# 40 Garlic Chicken, Olney's Recipe



## schmoozer (Jan 10, 2010)

Some of my cookbooks are in storage, including the two books I have with Olney's recipe for 40 Garlic Chicken. I did a web search and could not find the recipe. Does anyone have a link to Olney's recipe? Thanks!


----------



## ishbel (Jan 5, 2007)

Nope, but there are plenty of other '40 cloves of garlic, chicken' recipes - I seem to recall using one by Nigella Lawson and an earlier one by Elizabeth David.


----------



## schmoozer (Jan 10, 2010)

Ishbel said:


> Nope, but there are plenty of other '40 cloves of garlic, chicken' recipes - I seem to recall using one by Nigella Lawson and an earlier one by Elizabeth David.

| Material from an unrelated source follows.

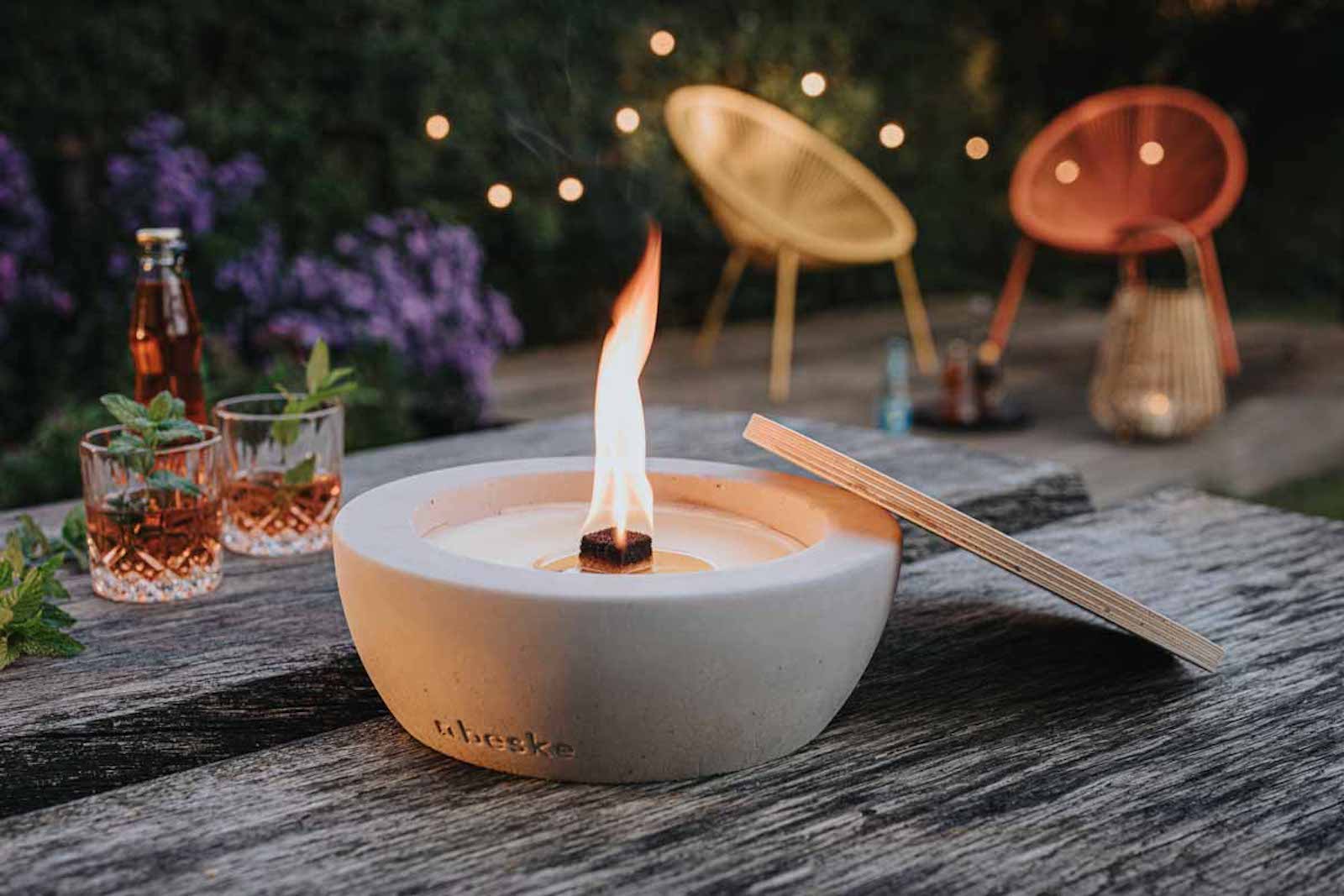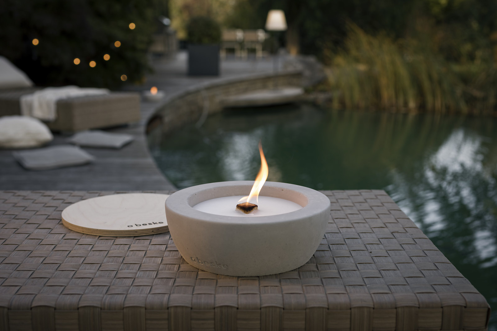 Eigenschaften "Betonfeuer Savo Tischfeuer Garten-Fackel Outdoor-Kerze mit Dauerdocht inkl. Löschbrett"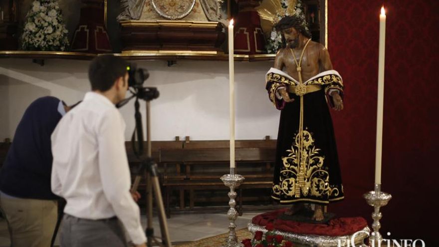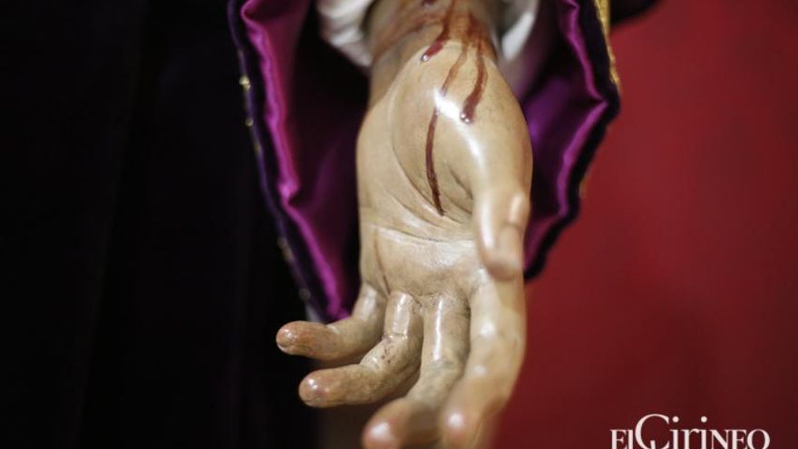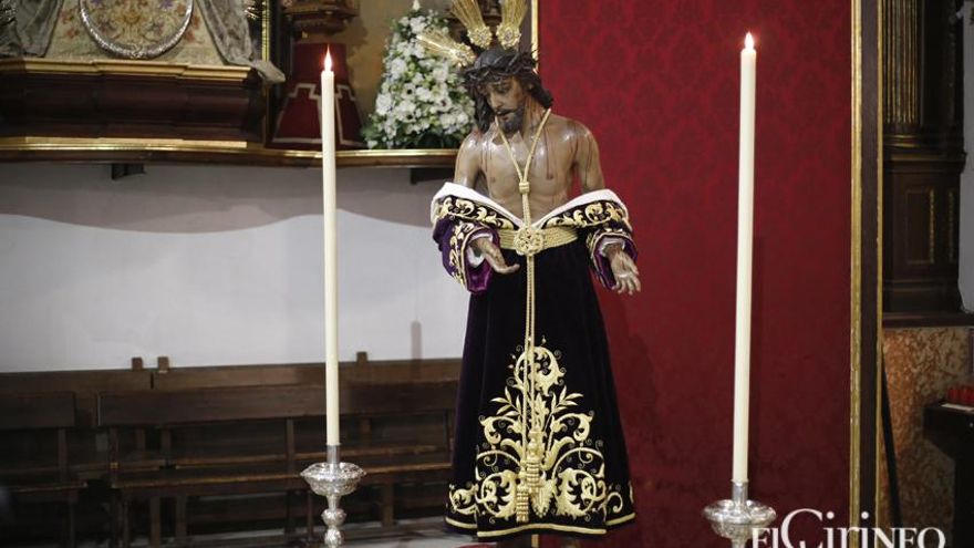 Para la ocasión, la hermandad ha decidido que el Señor aparezca vestido con su túnica morada bordada en oro pero con el detalle de llevar los dos hombros al descubierto -tradicionalmente ha mostrado solo el izquierdo- para que los fieles puedan observar mejor algunos aspectos de la intervención, como las gotas de sangre o moratones con que cuenta la imagen que han salido a la luz. De esta manera, la imagen se ha presentado a baja altura, muy cercana al suelo, con lo que la cofradía ha querido facilitar su visión.

Yes, I know, and I have many other recipes myself. However, I want to check a few details in Olney's recipe.


----------



## phatch (Mar 29, 2002)

Did you check if the book had been scanned into google books? I've had a couple of good hits there for cookbooks like David Waltuck's "Staff Meals"

http://books.google.com/books?id=eI...&resnum=3&ved=0CCEQ6AEwAg#v=onepage&q&f=false

See if any of these hits look right

http://www.google.com/search?tbs=bks:1&tbo=1&q=Olney+40+clove+chicken&btnG=Search+Books


----------